If compiled with -q32 This prints

>012345678j<
strndup is broken

It does not happen when anyone of the following is true:

* the free is left out
* the length of the second strndup is larger then of the first one.
* compiled with -q64 (64 bit).

Note that the strnlen bug happens regardless of 32 or 64 bit.
Comment 10 Heinrich Mislik 2004-08-23 08:42:08 UTC 
(In reply to comment #9)

> * compiled with -q64 (64 bit).

Sorry! i was to fast.
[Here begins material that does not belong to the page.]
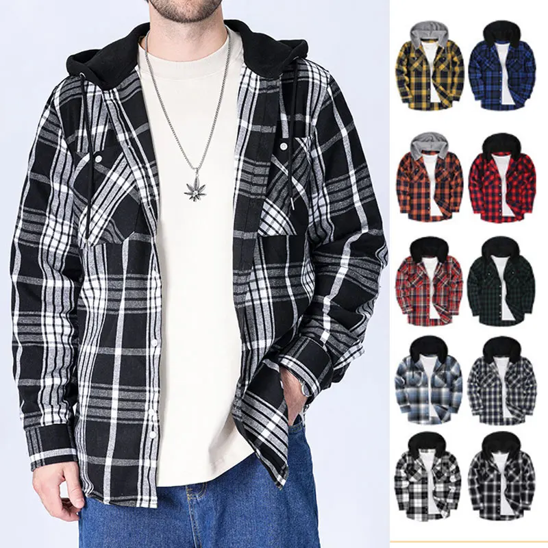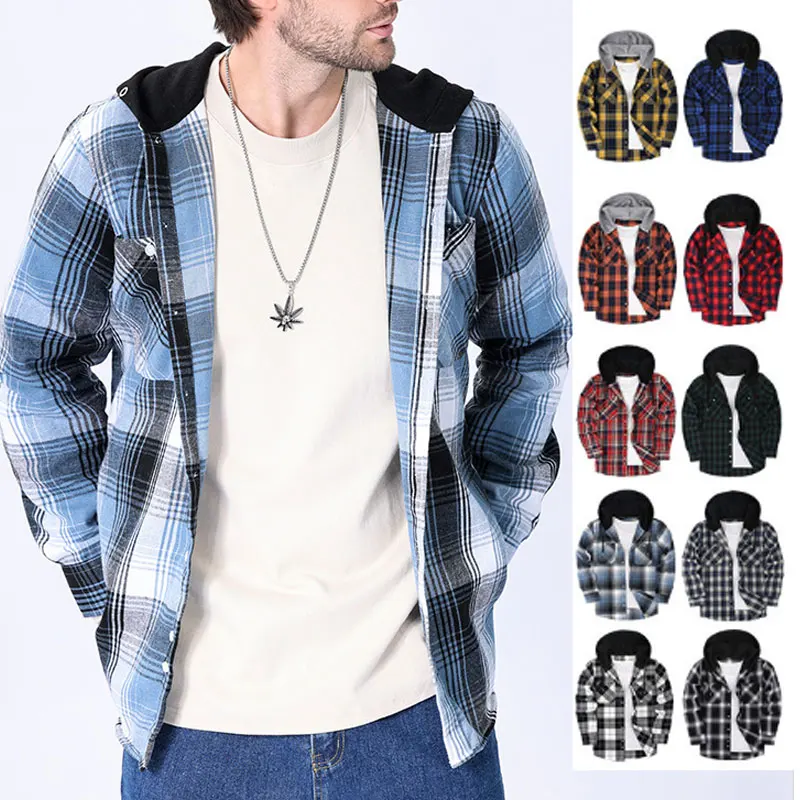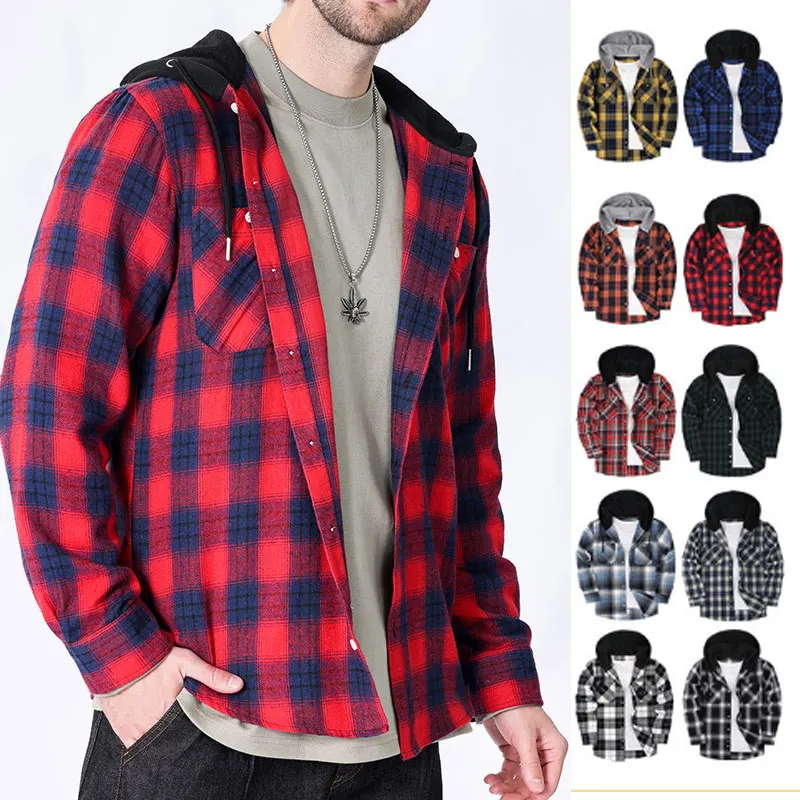 Chemise à manches longues en flanelle pour hommes, manteau à carreaux, décontracté, non repassage, grande taille, chapeau, mode, printemps, automne, nouveau, taille américaine

The following failes regardless of 32 or 64 bit:

#include <string.h>
#include <stdlib.h>
#include <stdio.h>

main()
{
   char *test1   = "abcdefghijabcdefghijabcdefghijk";
   char *test2   = "012345678901234567890123456789";
   char *control = "01234567890123456789012345678";
   char *verify;
   free(strndup(test1, 30));
   verify = strndup(test2, 29); /* shorter then first strndup !!! */
   fprintf(stderr,">%s<\n",verify);
   if (strcmp(control, verify))
       printf("strndup is broken\n");
}
Comment 11 Simo Sorce 2004-08-24 00:52:29 UTC 
(In reply to comment #10)

Confirmed, with the following test I get wrong results.

int main(void)
{
  char *test = "ABCDEFGHIJKLMNOPQRSTUVWXYZabcdefghijklmnopqrstuwxyz";
  char *control = "0123456789012345678901234567890123456789";
  char *verify;
  verify = strndup(test,45);
  printf("strndup n.1: [%s]\n", verify);
  free(verify);
  verify = strndup(control,30);
  printf("strndup n.2: [%s]\n", verify);
}

Simo.
Comment 12 Gerald (Jerry) Carter (dead mail address) 2005-02-05 07:43:22 UTC 
Is this still an issue on 3.0.11 ?  Please reopen if necessary.
Comment 13 Gerald (Jerry) Carter (dead mail address) 2005-08-24 10:17:13 UTC 
sorry for the same, cleaning up the database to prevent unecessary reopens of bugs.